### DATASET CONTENT
——————————

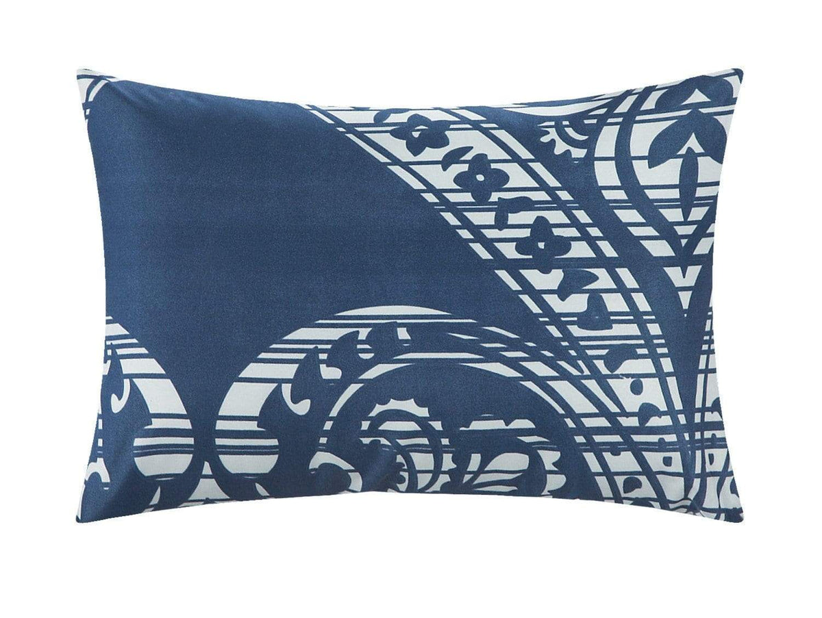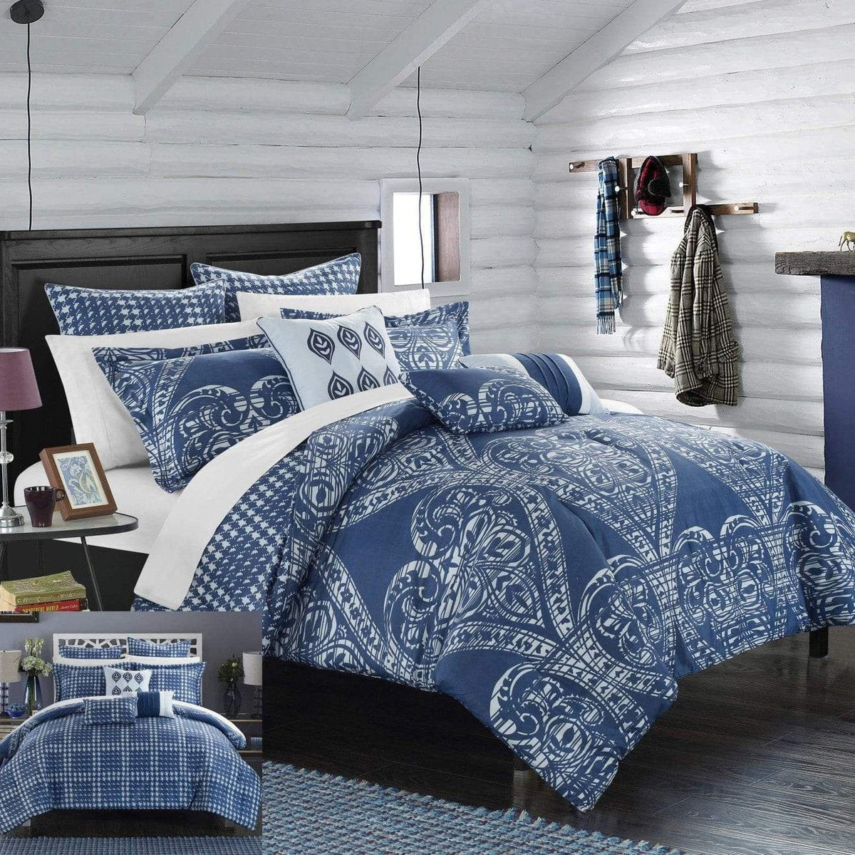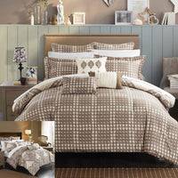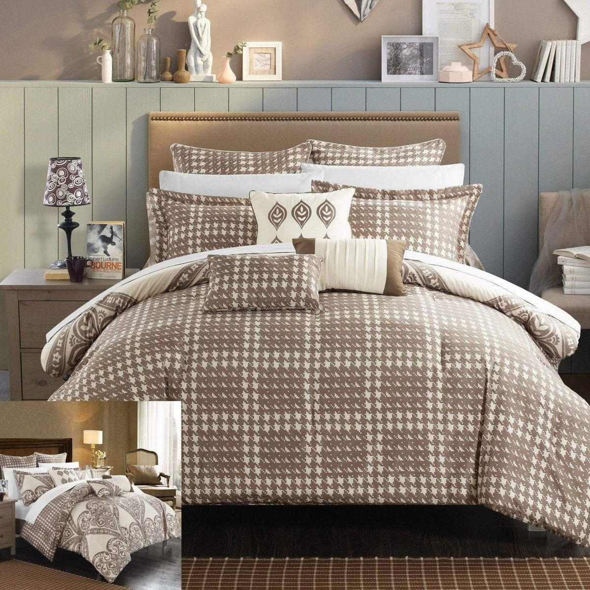 A fashion forward bed in a bag Jacquard comforter set with everything you need for a complete bedroom décor makeover. The comforter features a traditional scroll Jacquard motif on the face with a contemporary houndstooth pattern on the reverse Super soft microfiber sheet set, design coordinated shams and embellished deco pillows are included to complete the look.
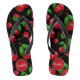 Sweet cherries pattern flip flops with "freshly picked" single and paired red cherries with green leaves and stems still intact - customise her monogram and name - by katz_d_zynes
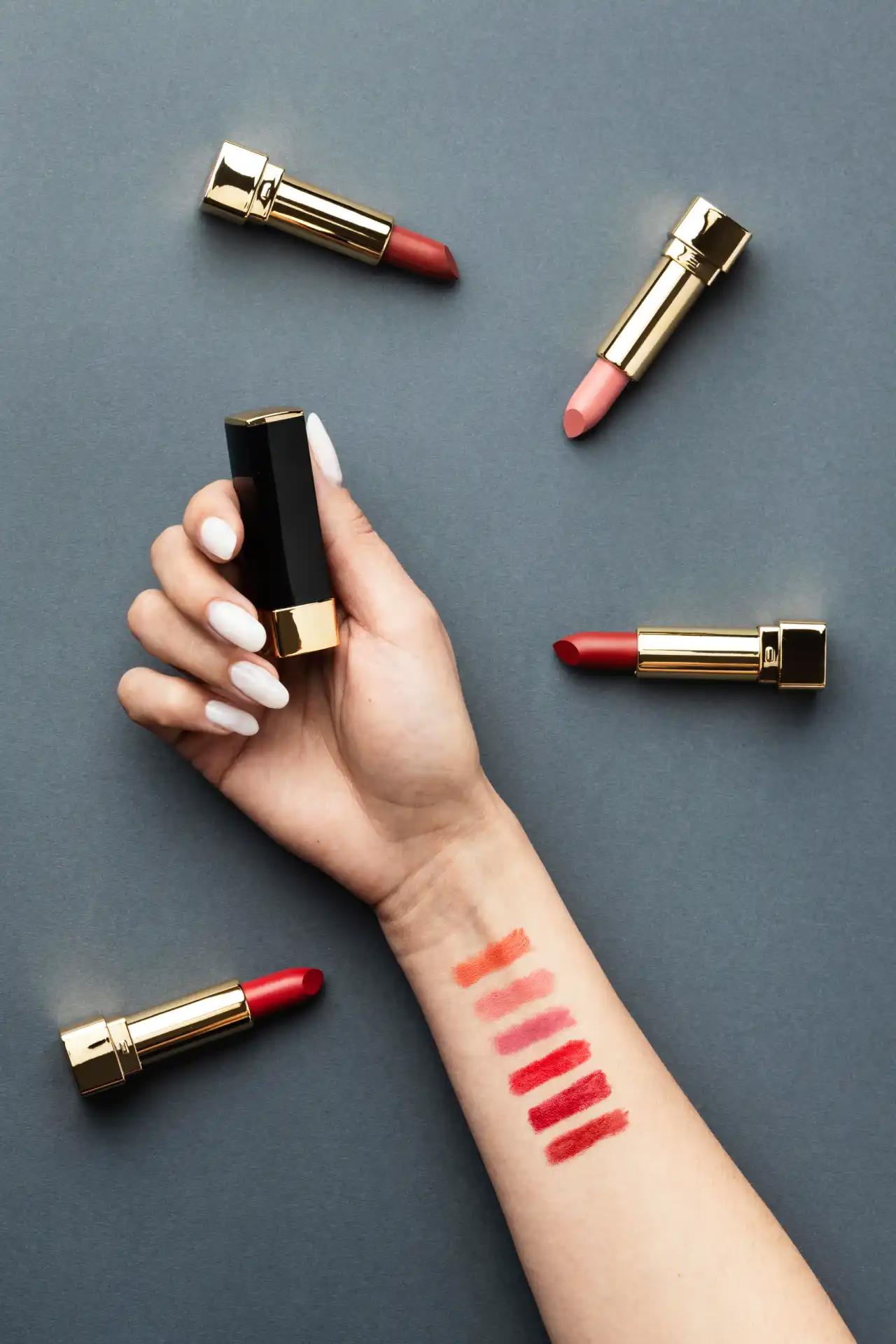 جلوه رنگ و بافت: رژ لب میتواند جلوه مات، نیمهمات یا براق داشته باشد. جلوه مات برای آرایش حرفهای و طولانی مناسب است، در حالی که جلوه نیمهمات یا براق ظاهری طبیعی و نرم ایجاد میکند.
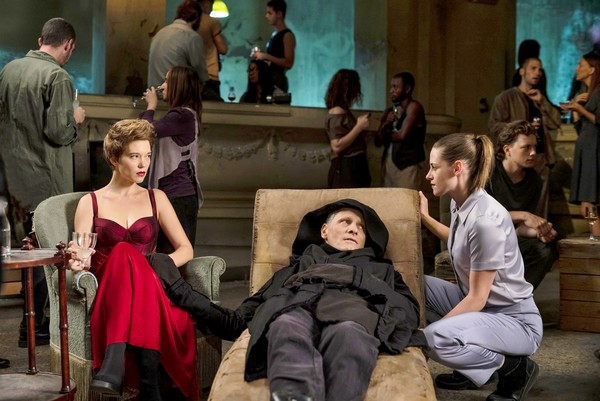 Dans un décor postapocalyptique, Les Crimes du futur (qui n’a rien à voir avec le film du même titre réalisé par Cronenberg en 1970) s’ouvre, après l’assassinat d’un enfant par sa mère qui sera plus loin au cœur du récit, sur un étrange couple d’artistes connu pour ses performances au cours desquelles Caprice (Léa Seydoux) tatoue en direct des organes de Saul (Viggo Mortensen) qu’elle va ensuite lui retirer pour en faire des œuvres d’art. Mais Caprice ne pratique pas ses ablations au hasard: les organes ainsi prélevés sont ceux que le corps de Saul ne cesse de fabriquer… Bienvenue dans l’univers de David Cronenberg et dans un monde où on ne ressent plus la douleur et où les corps mutent pour s’adapter à l’évolution. Dans l’ombre, le Registre national des organes, pour lequel travaille Timlin (Kristen Stewart), prend soin de recenser chaque mutation. La jeune femme est fascinée par l’idée que la chirurgie et la scarification ont remplacé le sexe.

——————————

### TASK PROMPT
Before you return the listing exactly, strip out its pictures.

### ANSWER SECTION
 A fashion forward bed in a bag Jacquard comforter set with everything you need for a complete bedroom décor makeover. The comforter features a traditional scroll Jacquard motif on the face with a contemporary houndstooth pattern on the reverse Super soft microfiber sheet set, design coordinated shams and embellished deco pillows are included to complete the look.
 Sweet cherries pattern flip flops with "freshly picked" single and paired red cherries with green leaves and stems still intact - customise her monogram and name - by katz_d_zynes
 جلوه رنگ و بافت: رژ لب میتواند جلوه مات، نیمهمات یا براق داشته باشد. جلوه مات برای آرایش حرفهای و طولانی مناسب است، در حالی که جلوه نیمهمات یا براق ظاهری طبیعی و نرم ایجاد میکند.
 Dans un décor postapocalyptique, Les Crimes du futur (qui n’a rien à voir avec le film du même titre réalisé par Cronenberg en 1970) s’ouvre, après l’assassinat d’un enfant par sa mère qui sera plus loin au cœur du récit, sur un étrange couple d’artistes connu pour ses performances au cours desquelles Caprice (Léa Seydoux) tatoue en direct des organes de Saul (Viggo Mortensen) qu’elle va ensuite lui retirer pour en faire des œuvres d’art. Mais Caprice ne pratique pas ses ablations au hasard: les organes ainsi prélevés sont ceux que le corps de Saul ne cesse de fabriquer… Bienvenue dans l’univers de David Cronenberg et dans un monde où on ne ressent plus la douleur et où les corps mutent pour s’adapter à l’évolution. Dans l’ombre, le Registre national des organes, pour lequel travaille Timlin (Kristen Stewart), prend soin de recenser chaque mutation. La jeune femme est fascinée par l’idée que la chirurgie et la scarification ont remplacé le sexe.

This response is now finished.